For the 2023 Valencian regional election, Pérez Llorca was third on the PP list in the Alicante constituency. He was elected as his party came first with 15 out of 35 seats in the constituency. In July 2024, he succeeded Miguel Barrachina as his party's spokesperson in the Corts Valencianes.

In August 2023, Pérez Llorca went from vice secretary of organisation of the People's Party of the Valencian Community (PPCV) to secretary general, the second highest position in the party. He replaced María José Catalá, the mayor of Valencia. In July 2025, he was appointed to the Executive Committee of the PP by its national leader Alberto Núñez Feijóo.

===President of the Valencian Government===
In November 2025, Carlos Mazón announced his resignation as President of the Valencian Government due to criticism since the 2024 Spanish floods.
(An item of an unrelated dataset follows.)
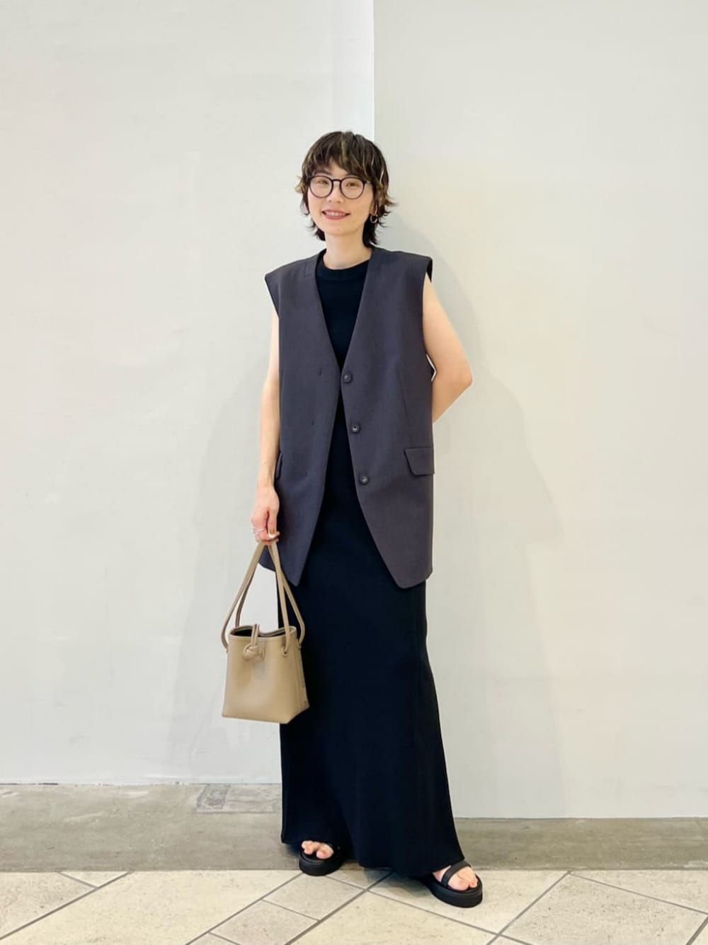 身長:158㎝ 普段サイズ:ワンピース/S、トップス/S、シューズ/23.5㎝ 【サイズ感】 ワンピース:標準的 ベスト:Mサイズ着用。ゆったり シューズ:37でジャスト。 【コーディネートポイント】 女性らしいラインのワンピースに、あえてオーバーサイズのベストを選びました。モード感を楽しめるコーディネートです。

Pérez Llorca was nominated as his successor, with the support of the Valencian PP and the designation of the national body. On 27 November, the regional parliament elected him as president, with Vox also voting in favour. The following day, he resigned as mayor and councillor in Finestrat, to be succeeded by Nati Algado. On 2 December, in his first speech as president, he apologised to the victims of the floods.